§ Task goal
Find "veikloje mokiniai lavino" below and begin at its line; stop after the line with "チームみらい、公認候補者が粉". Output those lines exactly, without pictures.

====

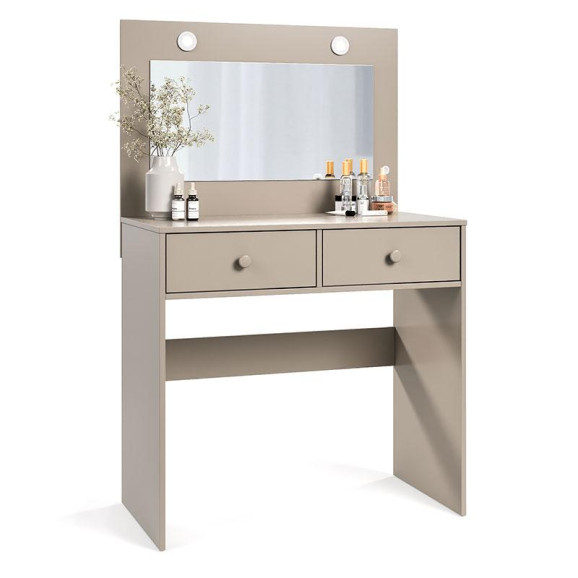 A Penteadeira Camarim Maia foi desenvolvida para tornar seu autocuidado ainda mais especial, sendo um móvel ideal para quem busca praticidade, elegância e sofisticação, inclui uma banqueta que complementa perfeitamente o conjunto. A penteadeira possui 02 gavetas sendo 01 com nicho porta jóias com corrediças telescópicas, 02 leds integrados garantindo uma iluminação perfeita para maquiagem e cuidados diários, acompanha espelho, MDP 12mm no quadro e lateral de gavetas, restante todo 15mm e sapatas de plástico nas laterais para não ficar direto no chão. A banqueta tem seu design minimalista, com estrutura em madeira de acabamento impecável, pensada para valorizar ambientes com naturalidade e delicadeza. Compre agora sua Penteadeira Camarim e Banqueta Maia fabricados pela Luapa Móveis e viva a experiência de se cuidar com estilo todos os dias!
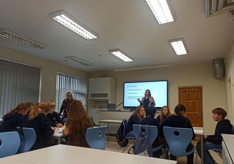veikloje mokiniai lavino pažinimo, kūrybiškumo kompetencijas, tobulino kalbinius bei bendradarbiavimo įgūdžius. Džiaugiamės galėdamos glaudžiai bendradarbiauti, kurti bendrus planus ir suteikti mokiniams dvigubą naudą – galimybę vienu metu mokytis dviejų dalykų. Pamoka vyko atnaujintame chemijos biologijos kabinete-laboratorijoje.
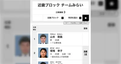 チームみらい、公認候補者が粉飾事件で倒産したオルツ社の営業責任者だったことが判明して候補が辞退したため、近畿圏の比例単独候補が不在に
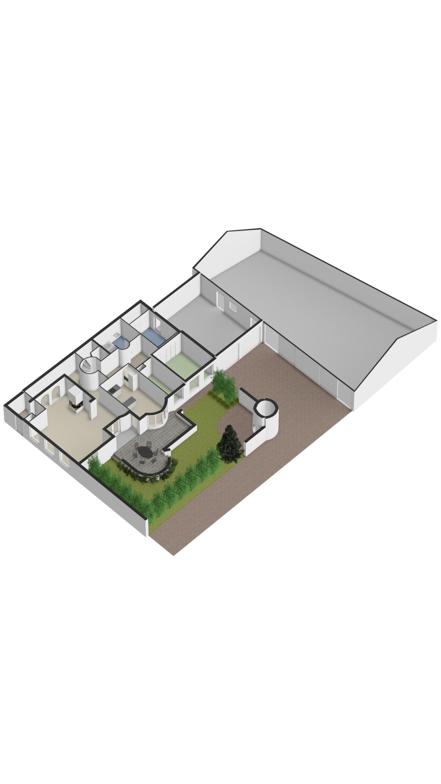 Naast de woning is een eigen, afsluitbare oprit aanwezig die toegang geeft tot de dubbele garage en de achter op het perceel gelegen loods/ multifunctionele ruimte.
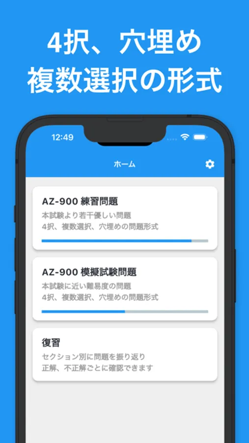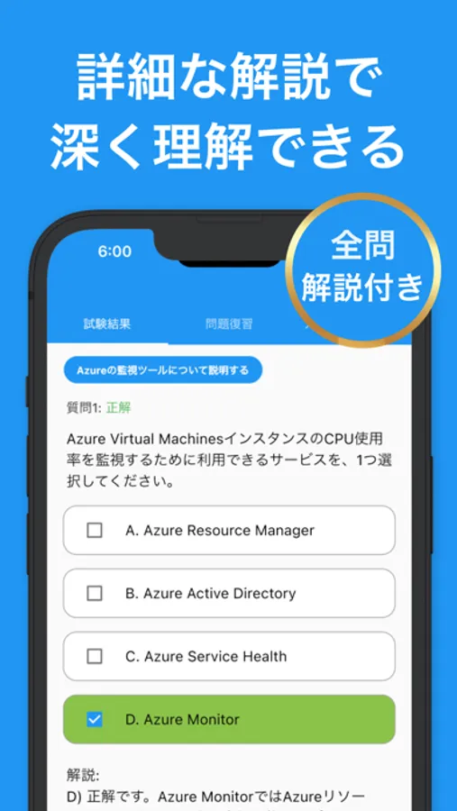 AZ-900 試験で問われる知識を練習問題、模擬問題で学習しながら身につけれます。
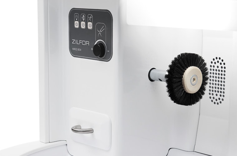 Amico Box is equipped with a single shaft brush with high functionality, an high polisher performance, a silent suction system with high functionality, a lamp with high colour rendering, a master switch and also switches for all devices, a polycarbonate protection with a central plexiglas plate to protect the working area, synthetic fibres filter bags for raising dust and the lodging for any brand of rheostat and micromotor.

====

§ Task response
veikloje mokiniai lavino pažinimo, kūrybiškumo kompetencijas, tobulino kalbinius bei bendradarbiavimo įgūdžius. Džiaugiamės galėdamos glaudžiai bendradarbiauti, kurti bendrus planus ir suteikti mokiniams dvigubą naudą – galimybę vienu metu mokytis dviejų dalykų. Pamoka vyko atnaujintame chemijos biologijos kabinete-laboratorijoje.
 チームみらい、公認候補者が粉飾事件で倒産したオルツ社の営業責任者だったことが判明して候補が辞退したため、近畿圏の比例単独候補が不在に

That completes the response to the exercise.